Rose hatte Bos tote Beine nur einmal gesehen, rein zufällig, auf einer der Tanzveranstaltungen der Farm, als ein Gänsepaar, überdreht von zu viel Tanz und Bier, gegen Bos Stuhl gestoßen war, woraufhin ihre Decke für einen kurzen, aber schrecklichen Moment verrutscht war. Rose war es peinlich gewesen, wie schnell sie sich von dem Anblick abgewandt hatte. Bo ging mit einem Lachen über den Zwischenfall hinweg und schien sich für den Rest des Abends nichts daraus zu machen, aber danach war sie nie mehr ins Dorf gekommen.

Peter war von durchschnittlicher Größe und schlank, schon zur Magerkeit neigend, ohne es jedoch wirklich zu sein. Er hatte dunkelbraune kurz geschnittene Haare und dazu passende braune Augen. Er trug ein kastanienfarbenes Baumwollshirt über einem langärmeligen Unterhemd, Khakihosen und alte Wanderstiefel.

„Ich bin mir nicht sicher, gestand Rose. „Ich glaube, wir unterhalten uns besser unter vier Augen, bis du gehört hast, was ich zu sagen habe. Dann kannst du entscheiden, ob es etwas ist, das du mit deiner Frau teilen möchtest. Verzeih mir bitte, falls das unhöflich scheint, Bo.

„Sei nicht albern, erwiderte Bo. Ein unbestimmtes Lächeln berührte kurz ihre Lippen und verschwand dann wieder. „Es ist so ein schöner Morgen, wir wollten auf der Veranda frühstücken. Ihr zwei unterhaltet euch, und ich decke unterdessen den Picknicktisch. Du leistest uns natürlich Gesellschaft. Ohne eine Antwort abzuwarten, wendete sie geschickt und rollte wieder hinein.

Rose und Peter entfernten sich auf einem von Bos hölzernen Rollstuhlwegen vom Haus. Dieser Steg führte ein ganzes Stück weit hinaus. An seinem Ende stand eine robuste hölzerne Zielfigur, die man sicher verankert hatte. Sie war grob zur Gestalt eines erwachsenen Menschen behauen worden, und ihre Oberfläche wies Hunderte von kleinen Schnitten und Kerben auf.

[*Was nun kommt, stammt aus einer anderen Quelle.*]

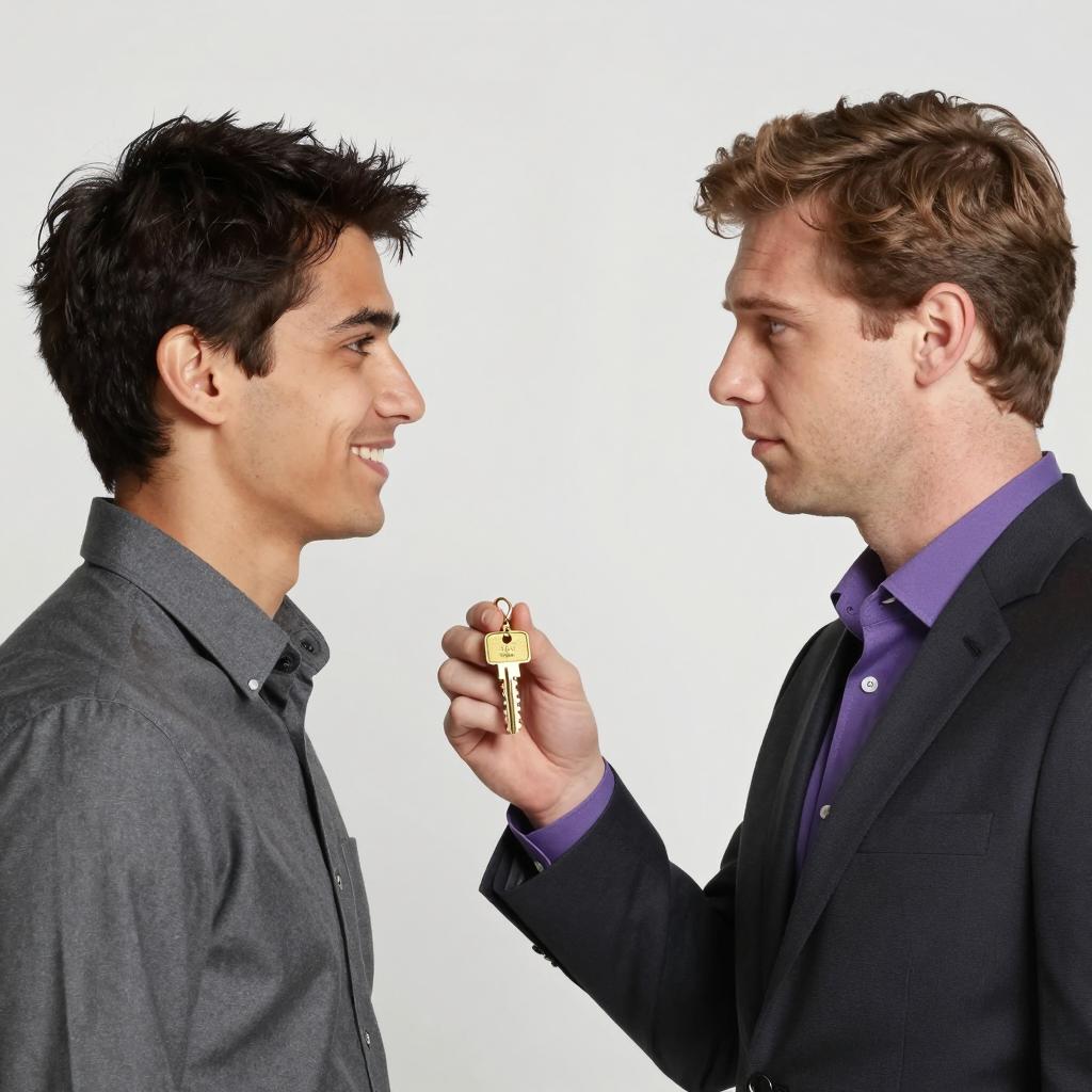 Two men, both in profile. Man on left, short dark hair, light skin, smiling, wearing gray shirt. Man on right, light brown hair, light skin, serious expression, wearing dark suit with purple shirt, holding golden keys in right hand. White background.

Sie verließen den hölzernen Weg an seiner entferntesten Stelle und traten hinab auf den Erdboden, wo der grüne Rasen endete und das höhere Weidegras begann, und schlenderten dann weiter hinaus auf die Felder. Windböen strichen über das Gras und bogen es zu verspielten Mustern. Fünfzig Yards entfernt kläfften zwei energische Schäferhunde und trieben einen Teil der Herde in ihre Richtung.